--- START ---
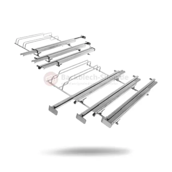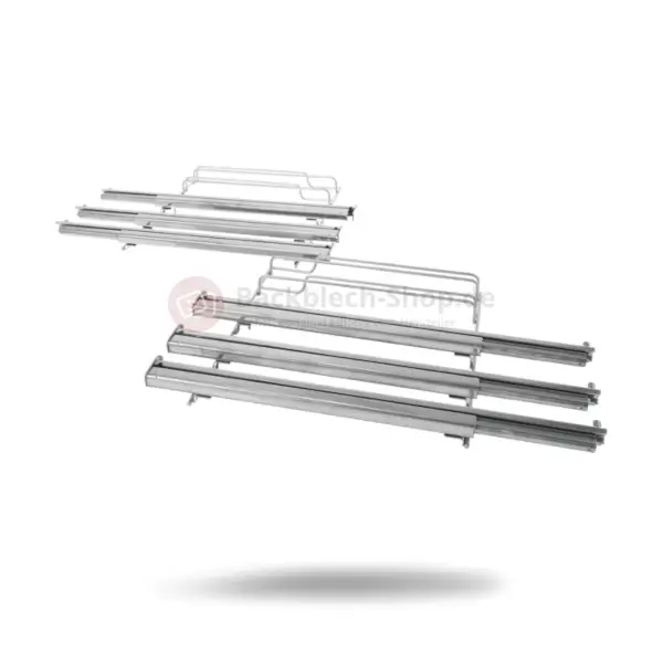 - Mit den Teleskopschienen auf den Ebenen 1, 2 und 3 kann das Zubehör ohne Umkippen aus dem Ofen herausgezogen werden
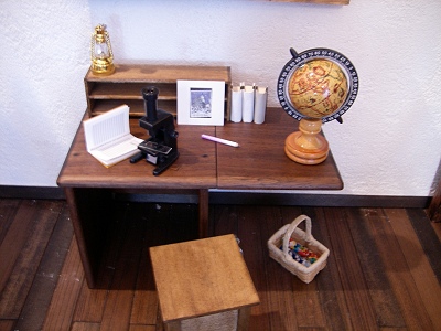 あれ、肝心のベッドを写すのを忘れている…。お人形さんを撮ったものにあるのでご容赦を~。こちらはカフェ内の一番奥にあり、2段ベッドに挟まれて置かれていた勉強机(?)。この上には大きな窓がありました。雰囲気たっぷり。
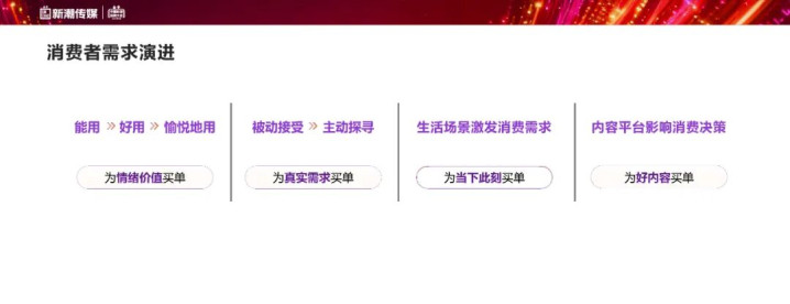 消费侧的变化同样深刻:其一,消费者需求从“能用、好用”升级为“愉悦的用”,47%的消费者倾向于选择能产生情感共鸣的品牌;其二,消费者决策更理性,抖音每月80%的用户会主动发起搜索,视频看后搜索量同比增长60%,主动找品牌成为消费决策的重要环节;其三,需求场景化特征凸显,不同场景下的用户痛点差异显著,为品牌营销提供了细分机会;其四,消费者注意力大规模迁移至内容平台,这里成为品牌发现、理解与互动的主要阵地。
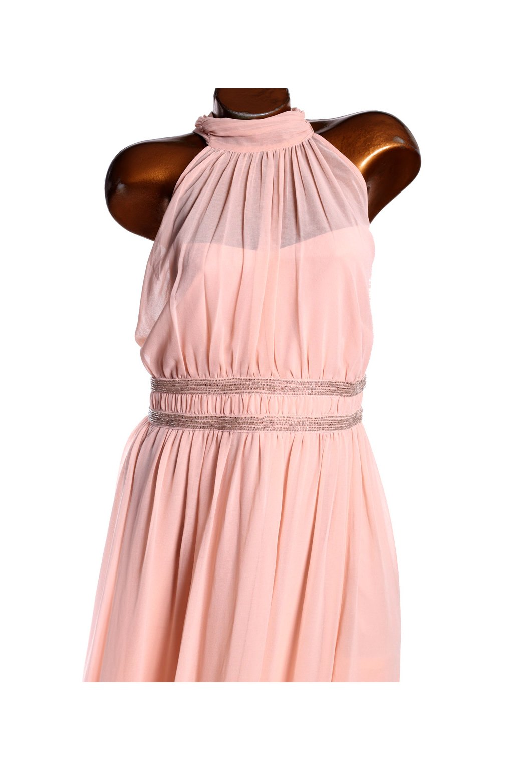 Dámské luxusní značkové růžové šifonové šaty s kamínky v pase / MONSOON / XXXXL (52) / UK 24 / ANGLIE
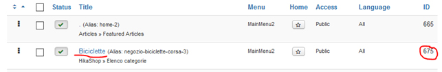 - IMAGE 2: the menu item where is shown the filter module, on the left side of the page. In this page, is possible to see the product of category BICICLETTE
--- END ---
--- START ---
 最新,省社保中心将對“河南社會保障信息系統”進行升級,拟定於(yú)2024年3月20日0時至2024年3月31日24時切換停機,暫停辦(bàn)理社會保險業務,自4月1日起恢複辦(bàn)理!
--- END ---
--- START ---
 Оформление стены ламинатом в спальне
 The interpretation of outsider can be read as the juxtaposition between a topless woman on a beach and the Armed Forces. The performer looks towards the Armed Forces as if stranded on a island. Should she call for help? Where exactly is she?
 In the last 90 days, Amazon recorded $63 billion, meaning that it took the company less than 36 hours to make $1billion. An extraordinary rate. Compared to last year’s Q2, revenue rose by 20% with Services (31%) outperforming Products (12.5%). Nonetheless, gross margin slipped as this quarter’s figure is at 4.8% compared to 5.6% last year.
--- END ---
### Work task
Both the line above containing "あれ、肝心のベッドを写すのを" and the line containing "消费侧的变化同样深刻:其一,消费者需求从" belong in the copy, along with every line between them; print these exactly and omit the pictures.

### Solution to the problem
 あれ、肝心のベッドを写すのを忘れている…。お人形さんを撮ったものにあるのでご容赦を~。こちらはカフェ内の一番奥にあり、2段ベッドに挟まれて置かれていた勉強机(?)。この上には大きな窓がありました。雰囲気たっぷり。
 消费侧的变化同样深刻:其一,消费者需求从“能用、好用”升级为“愉悦的用”,47%的消费者倾向于选择能产生情感共鸣的品牌;其二,消费者决策更理性,抖音每月80%的用户会主动发起搜索,视频看后搜索量同比增长60%,主动找品牌成为消费决策的重要环节;其三,需求场景化特征凸显,不同场景下的用户痛点差异显著,为品牌营销提供了细分机会;其四,消费者注意力大规模迁移至内容平台,这里成为品牌发现、理解与互动的主要阵地。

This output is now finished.